In voltage imaging, where the membrane potentials of individual neurons are recorded at from hundreds to thousand frames per second using fluorescence microscopy, data processing presents a challenge. Even a fraction of a minute of recording with a limited image size yields gigabytes of video data consisting of tens of thousands of frames, which can be time-consuming to process. Moreover, millisecond-level short exposures lead to noisy video frames, obscuring neuron footprints especially in deep-brain samples where noisy signals are buried in background fluorescence. To address this challenge, we propose a fast neuron segmentation method able to detect multiple, potentially overlapping, spiking neurons from noisy video frames, and implement a data processing pipeline incorporating the proposed segmentation method along with GPU-accelerated motion correction. By testing on existing datasets as well as on new datasets we introduce, we show that our pipeline extracts neuron footprints that agree well with human annotation even from cluttered datasets, and demonstrate real-time processing of voltage imaging data on a single desktop computer for the first time.
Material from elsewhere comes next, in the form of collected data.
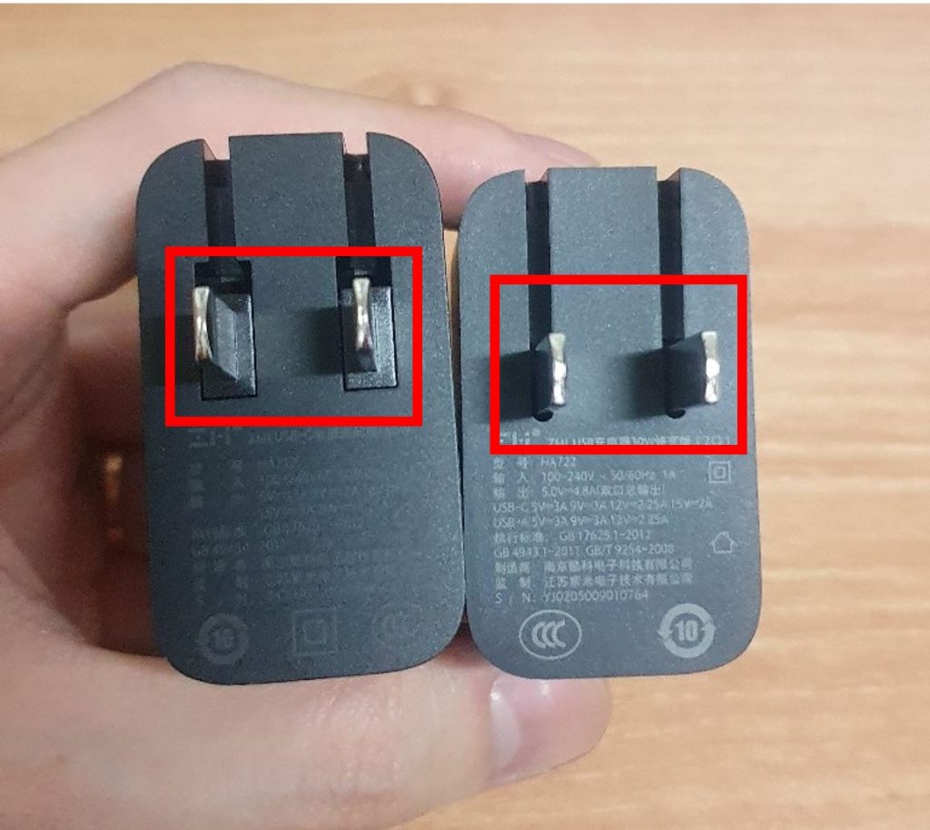또, 바로 위의 사진에 보시면 플러그 모양이 다릅니다. 65W 충전기는 좀더 견고하게 만들어져 있는 느낌이었습니다. 전체적인 마감은 둘다 좋았습니다.
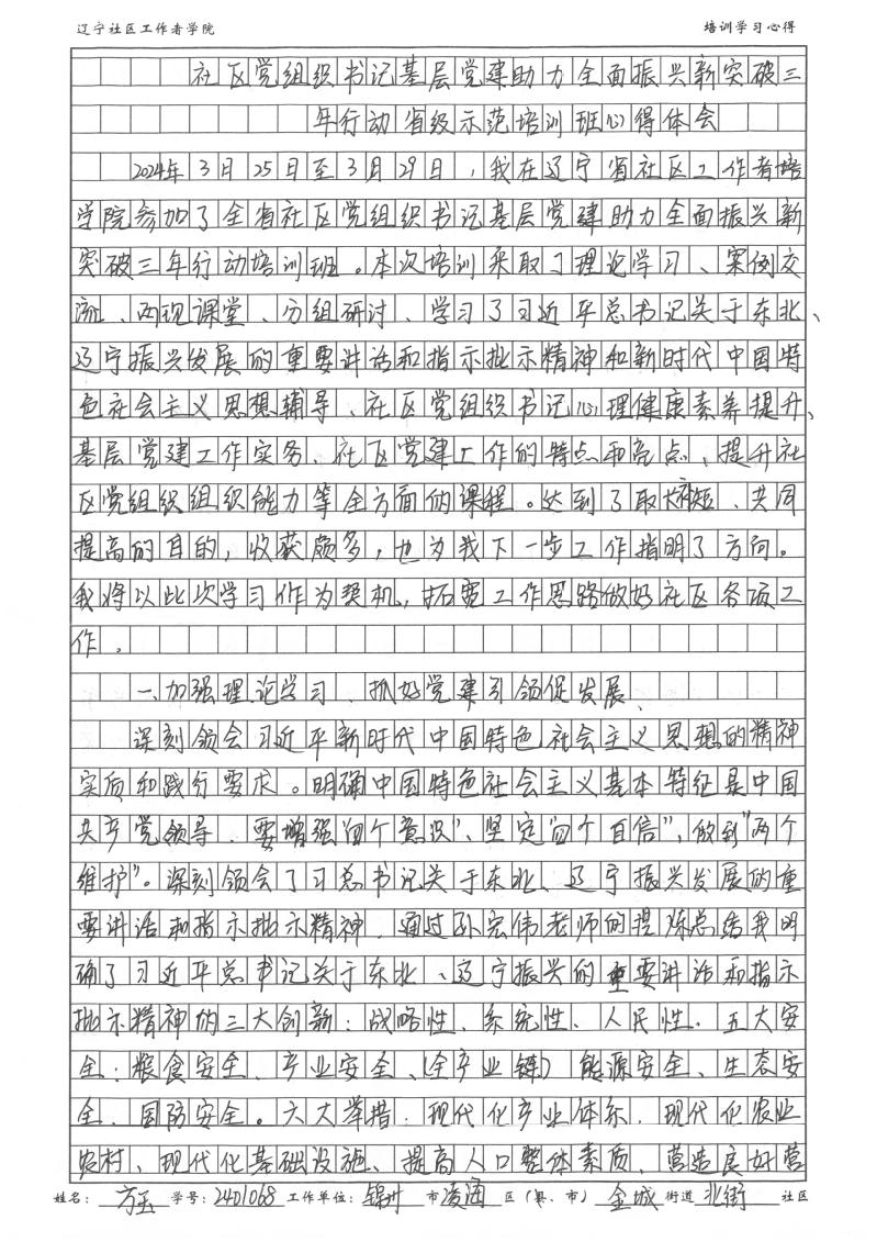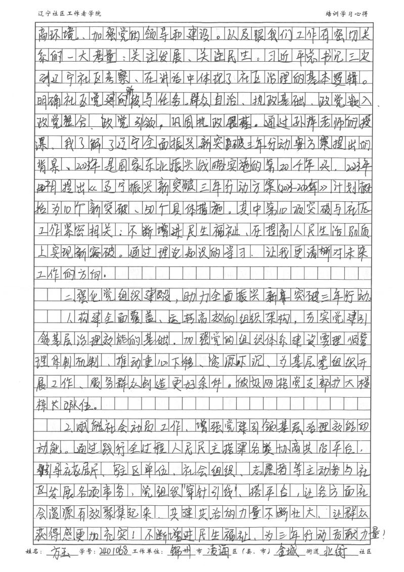 锦州市凌海市金城街道北街社区党支部书记、居委会主任方玉学习心得
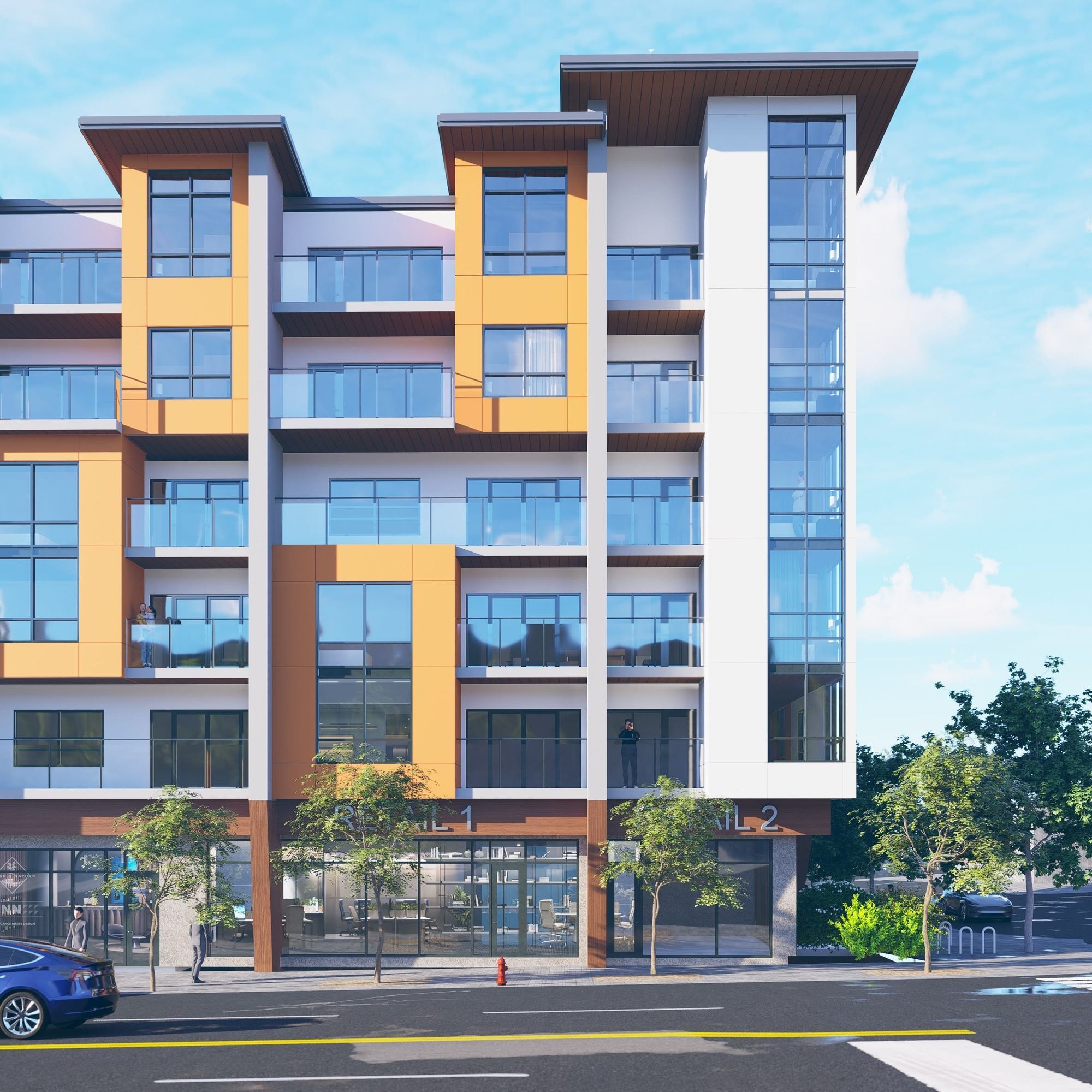 Port Moody has worked to transition its main thoroughfare, St. John's Street, into a vibrant pedestrian street-scape. Using the typology of the six-storey mixed use form with commercial ground floor, Spring and Mary contributes to the commercial stock and density of the area. By using a courtyard cut through the rectangular form, the building achieves the highest density on the site possible, and does not sacrifice access to natural light and ventilation into units. This strategy gives this architectural courtyard and rooftop amenity spaces to act as a social centre for the building's community.

翻译：在电压成像中，通过荧光显微镜以每秒数百至数千帧的速率记录单个神经元的膜电位，数据处理构成了一项挑战。即使仅记录不到一分钟、图像尺寸有限的片段，也会产生包含数万帧、数据量达千兆字节的视频数据，处理这些数据极为耗时。此外，毫秒级的短曝光时间导致视频帧噪声较大，尤其是在深层脑组织样本中，淹没在背景荧光中的噪声信号使神经元轮廓难以辨识。为应对这一挑战，我们提出了一种快速神经元分割方法，能够从含噪视频帧中检测多个可能重叠的脉冲神经元，并构建了一个整合所提分割方法与GPU加速运动校正的数据处理流程。通过在既有数据集及我们引入的新数据集上进行测试，我们证明该流程能够从即使高度杂乱的图像中提取出与人工标注高度吻合的神经元轮廓，并首次在单台桌面计算机上实现了电压成像数据的实时处理。